Lorsque j’ai vu ce matin mon père partir avec ses deux employés, j’ai senti que quelque chose avait changé. Ils ont tous les trois changé, je le vois tous les jours dans leur regard. Ça ne brille plus, ça ne regarde plus la mer avec cette envie de partir. Avant, quand ils étaient à terre, ils ne parlaient que de partir. Si le gros temps durait et les empêchait de prendre le large, ils devenaient nerveux, mal dans leur peau, au bord de la dépression. Ils avaient besoin de la mer, d’être sur le bateau pour chercher où les poissons se cachaient.

Ils leur arrivent encore de parler de pêches miraculeuses, de tempêtes mémorables, des amis disparus en mer, mais toutes ces histoires, tous ces souvenirs, je les connais depuis longtemps. Rien de nouveau. C’est comme s’ils ne pêchaient plus. Et pourtant ils y partent régulièrement et reviennent après quelques jours, épuisés, avec une pêche misérable et une étrange tristesse. Malgré ces pêches qui peuvent à peine nous nourrir, nous ne manquons de rien. Et quand j’en parle à mère, elle ne dit rien.
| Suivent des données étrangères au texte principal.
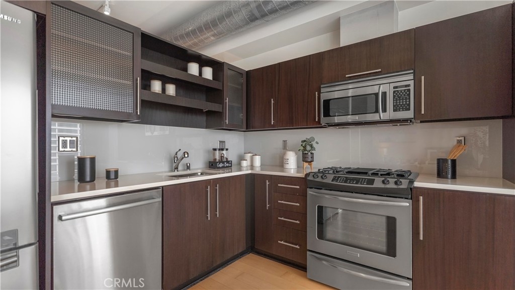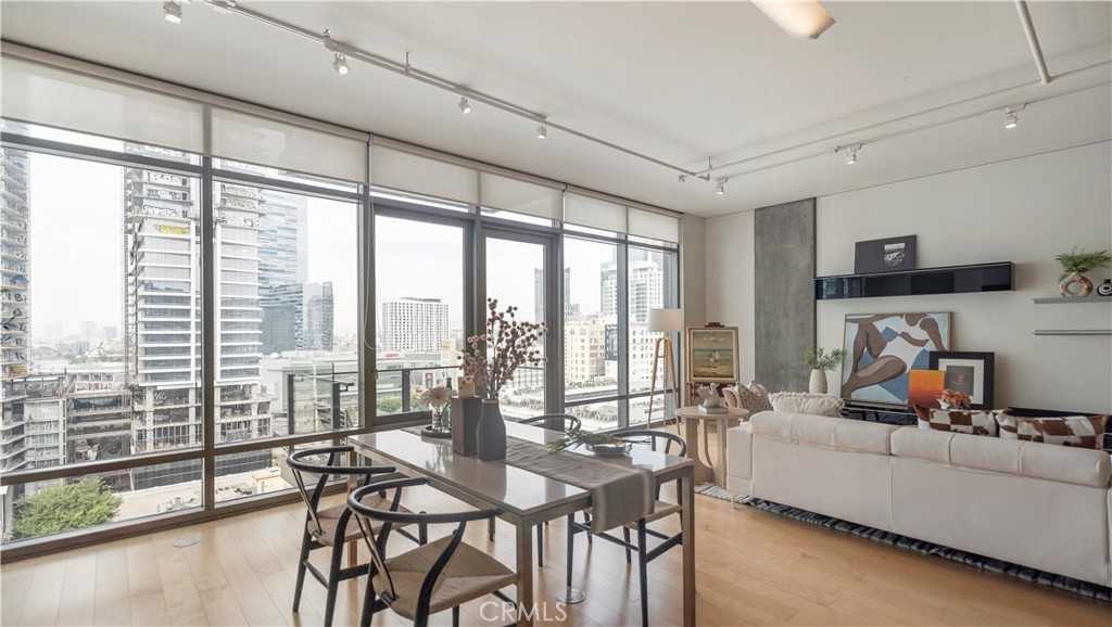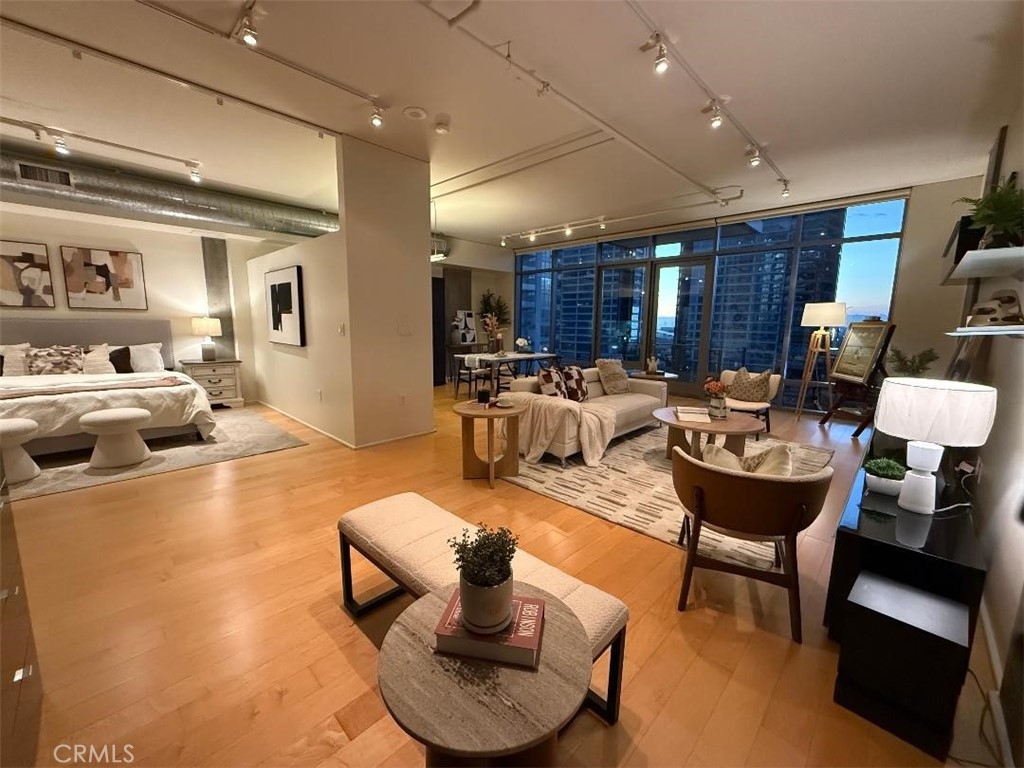 This spacious 1-bed/1-bath loft-style condo features a balcony with operable door and sweeping west-facing views of LA Live, Crypto.com Arena, and vibrant sunsets framed by floor-to-ceiling glass. Meticulously maintained by its original owner, the home blends modern upgrades with an open layout that maximizes light and space. Highlights include a custom closet system, sleek glass-enclosed bath, stainless steel appliances with Bosch quiet-mode dishwasher, track lighting for art or ambiance, and a full-height cabinet that provides ample storage while integrating seamlessly with the living space. The defined bedroom, enclosed by a sliding Hunter Douglas fabric panel, offers privacy while maintaining the loft’s airy feel. At Luma, one of South Park’s premier LEED-certified luxury towers, residents enjoy 24-hour security and concierge, a resort-style pool and spa, fitness center, and outdoor BBQ lounges. Renowned for its modern design and prime location just steps from LA Live, Luma offers the perfect combination of style, convenience, and community in the heart of Downtown Los Angeles, surrounded by acclaimed restaurants, nightlife, entertainment, and professional sports venues. A Must see.

Son visage tombe dans le silence, avec cette même tristesse.

Il n'y a plus de poissons

Dans le port, tout le monde subit les baisses de poissons en mer, les quotas. Nous entendons tous dire que nous aurions vidé la mer à trop pêcher. Et j’entends aussi le curé, au bistrot après la messe, quand il vient faire sa seconde messe pour ceux qui ne viennent pas dans son église, tenter un amalgame entre pêcheur et pêcheur. "Nous avons trop pêcher" qu’il dit. Et d’entendre lui répondre "Vous n’y connaissez rien à la pêche, retourner consoler les veuves" avant que tous les regards se détournent de lui. Les marins ne l’aiment pas. Un marin, chez nous, ne voit le curé que trois fois : à la naissance, au mariage et à l’enterrement. Ceux qui sont au bistrot on généralement déjà fait les deux premiers et aimerait retarder le plus possible le troisième.

Depuis quelques années les bateaux sortent moins et les marins restent assis au bistrot face à la mer. Ne la regardent même plus, se mettent même souvent de dos. Ils lui font la gueule, on dirait. Parce qu’il n’y a plus de poissons. Ils se sentent inutiles.

Un marin me demande pourquoi mon père est parti, il compte ramener quoi, des méduses. Éclats de rire dans le bistrot. "Va nous ramener quoi de l’étranger encore". Les regards se rabaissent et s’éteignent comme pour le curé. Ça veut dire casse-toi, je sais bien. Ils n’ont pas envie de parler, pas envie non plus qu’on les regarde. Je pars mais cette phrase "Va nous ramener quoi de l’étranger encore" me travaille, je ne la comprends. Qu’est-ce qu’il peut ramener d’autre que du poissons.